Investors are valuing a company with $1.07 billion in sales last year, albeit on a pace to do $1.4 billion in 2019, at $30 billion. That’s more than Square (NASDAQ:SQ), which had revenue of $3.3 billion last year and, unlike Shopify, is at least narrowing its losses.
I have been writing about this bubble for 18 months, ever since Citron Research warned about it. I have warned the bubble is going to pop and other Investorplace writers, like Vince Martin, have written similarly.
But it keeps going up.
Pros Are Warning Against Shopify Stock Too
Now even financial pros who make a living moving money (rather than writing about it) are warning people away. Guggenheim’s Ken Wong says his bullish case is already priced into Shopify stock and has dropped his rating to neutral. Morgan Stanley (NYSE:MS) analyst Brian Essex has dropped his rating to underweight, noting that less than half of Shopify’s revenue comes from subscriptions and SHOP doesn’t deserve the multiple it’s getting.
The Bulls Are Winning
The bulls are ignoring the warning signs, but, more importantly, they’re still winning. Shopify shares are up over 80% just in 2019. There are 28 analysts following the stock and more than half still have it on their buy lists .

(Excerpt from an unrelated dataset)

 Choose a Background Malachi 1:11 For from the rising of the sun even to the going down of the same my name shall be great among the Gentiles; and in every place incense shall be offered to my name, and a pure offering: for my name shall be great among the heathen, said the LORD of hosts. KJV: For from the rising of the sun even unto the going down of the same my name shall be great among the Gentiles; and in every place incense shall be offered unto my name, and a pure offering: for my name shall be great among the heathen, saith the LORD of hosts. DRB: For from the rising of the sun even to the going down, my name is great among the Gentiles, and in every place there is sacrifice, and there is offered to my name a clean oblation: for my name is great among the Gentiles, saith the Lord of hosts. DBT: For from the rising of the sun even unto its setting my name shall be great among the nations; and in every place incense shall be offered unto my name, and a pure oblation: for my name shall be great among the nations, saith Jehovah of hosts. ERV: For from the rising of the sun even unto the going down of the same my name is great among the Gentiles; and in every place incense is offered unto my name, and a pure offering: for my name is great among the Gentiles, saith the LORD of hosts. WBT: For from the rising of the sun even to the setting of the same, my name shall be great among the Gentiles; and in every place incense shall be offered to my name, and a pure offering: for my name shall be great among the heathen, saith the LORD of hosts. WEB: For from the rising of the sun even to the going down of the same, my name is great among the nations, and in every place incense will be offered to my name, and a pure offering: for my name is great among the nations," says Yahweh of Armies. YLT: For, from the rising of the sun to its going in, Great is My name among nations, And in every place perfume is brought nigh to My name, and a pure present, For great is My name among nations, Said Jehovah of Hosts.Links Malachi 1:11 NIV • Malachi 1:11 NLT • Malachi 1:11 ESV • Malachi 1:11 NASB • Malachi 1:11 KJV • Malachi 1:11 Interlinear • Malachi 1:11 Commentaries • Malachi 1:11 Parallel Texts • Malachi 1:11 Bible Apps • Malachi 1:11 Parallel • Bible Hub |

Bulls point to Shopify’s latest earnings release, delivered April 30, with its 50% revenue growth year-over-year. Subscription revenue, Essex’ concern, was up 40% at $140.5 million. Still not half the total but close.
Others pounding the table for the stock call it “built to scale,” allowing small businesses to grow without changing their infrastructure.

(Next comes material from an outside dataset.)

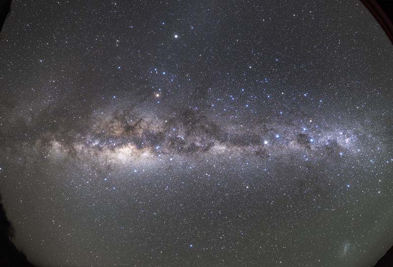 天の川銀河は10万光年の大きさで、その中心から3万光年離れたところに太陽系があります。銀河系は円盤状のため、地球から見れば光の帯が地球をぐるりと取り巻いているように見えます。これが天の川です。天の川の中心部(バルジと言います)は高度は低いものの日本でも見ることができますが、オーストラリアでは天頂に輝きます。全天にアーチ橋のようにかかる銀河の姿は、圧巻です。

Other bulls point to Shopify Plus, a more-expensive version of the software now being used by packaged-goods companies and celebrities like quarterback Tom Brady.
Still other bulls point to the company’s “ecosystem,” specifically an app store that lets Shopify re-sell third-party modules and take a massive 20-30% cut of the revenue.
Take Your Money
It’s possible these bulls are right. Maybe the software is extremely well written and scalable. Maybe it can boost subscriptions with a higher-priced version. Maybe it can keep getting merchants to buy add-ons.

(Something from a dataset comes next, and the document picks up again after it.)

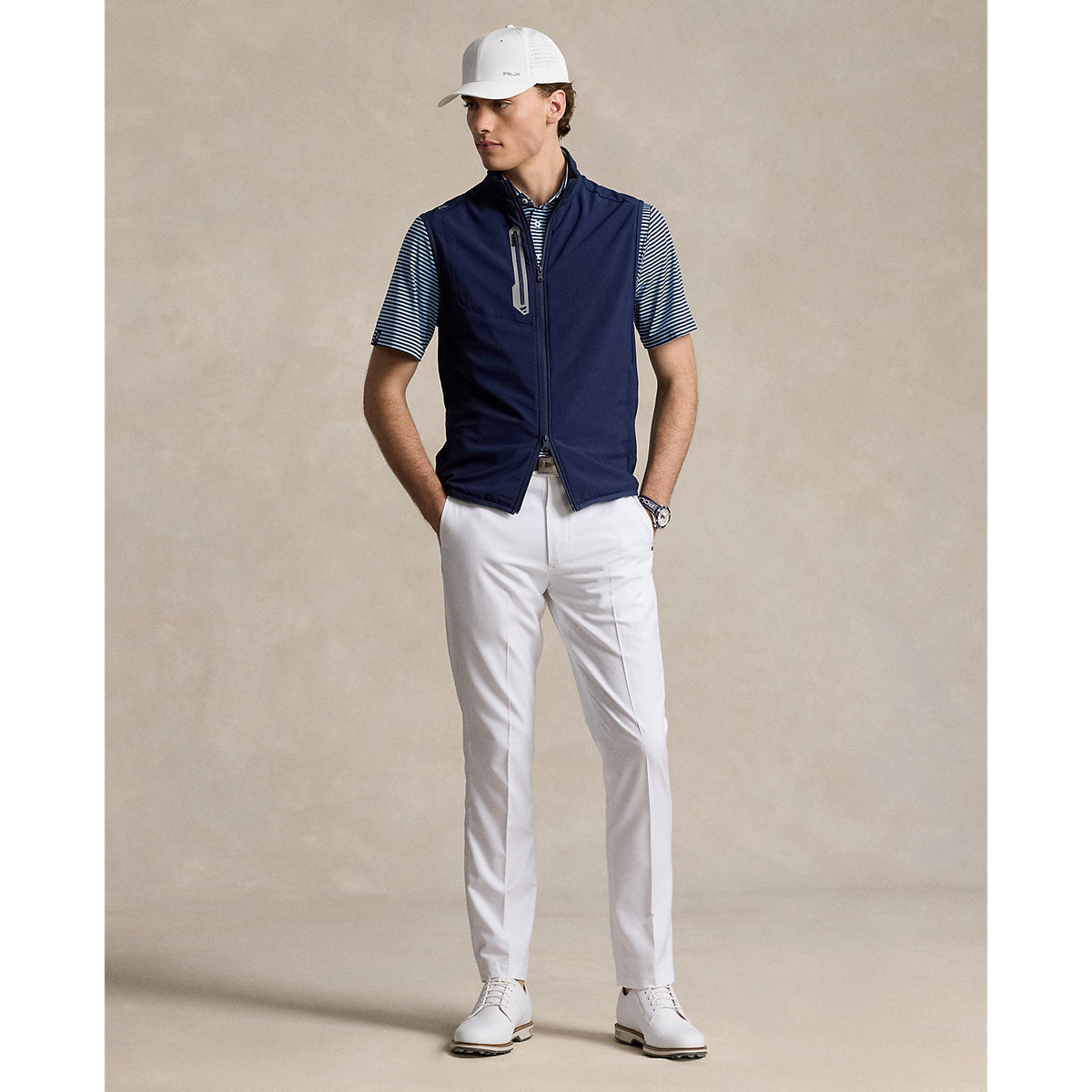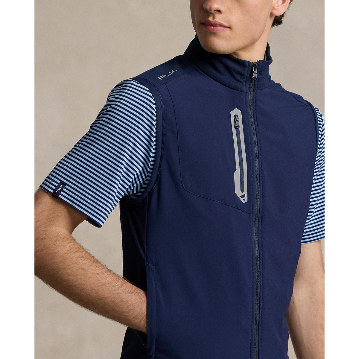 Key Features: -Tailored Fit: Size medium features a 26.5" body length, 18" shoulder width, and a 43" chest for a sleek, athletic silhouette. -Performance Design: A mock neck and two-way full-zip front offer customizable comfort. -Functional Storage: Secure your essentials with a right chest zip pocket and side on-seam zippered pockets. -Signature Details: The iconic "RLX" logo is printed on the right shoulder and center back neck for a premium touch. -Comfort & Flexibility: Stretch binding at the armholes and hem ensures a snug yet flexible fit. -Premium Fabric Blend: Crafted from a soft and breathable mix of cotton, polyester, and elastane, with a polyester-elastane front panel for enhanced durability. -Easy Care: Machine washable for effortless maintenance. -The model is 6'1" (185 cm) and wears a size medium.

But the hype, and the valuation, has reached 1999 levels. Shopify has never turned an annual profit, and in fact its losses are widening, year by year. There are fewer than 100 million shares of stock outstanding, 6% of which were being shorted at the end of April. It wouldn’t take many people heading for the door to make it fall hard.
In order to justify its valuation Shopify needs to keep growing at its present 40% rate and (more important) turn a profit. Some analysts are betting that will happen as early as the current quarter, although the “earnings whisper” is for another 30 cent per share loss.
The Bottom Line on Shopify Stock
I was wrong on Shopify in 2017. I was wrong on Shopify in 2018.
That doesn’t mean I’m wrong on Shopify now.
If you’ve been in SHOP stock, you have a very fat gain, you’ve made me look foolish, but a profit isn’t a profit until you have it in your hands. Until then it’s just paper — or numbers on a screen. It is easy to fall in love with a stock, especially one that has made you a lot of money.
But no boom lasts forever and when it slows, this stock will bust. I don’t know how hard, but it’s overvalued right now.
Dana Blankenhorn is a financial and technology journalist. He is the author of he 2018 mystery thriller, The Reluctant Detective Finds Her Family, available at the Amazon Kindle store. Write him at email@example.com or follow him on Twitter at @danablankenhorn. As of this writing he owned no shares in companies mentioned in this article.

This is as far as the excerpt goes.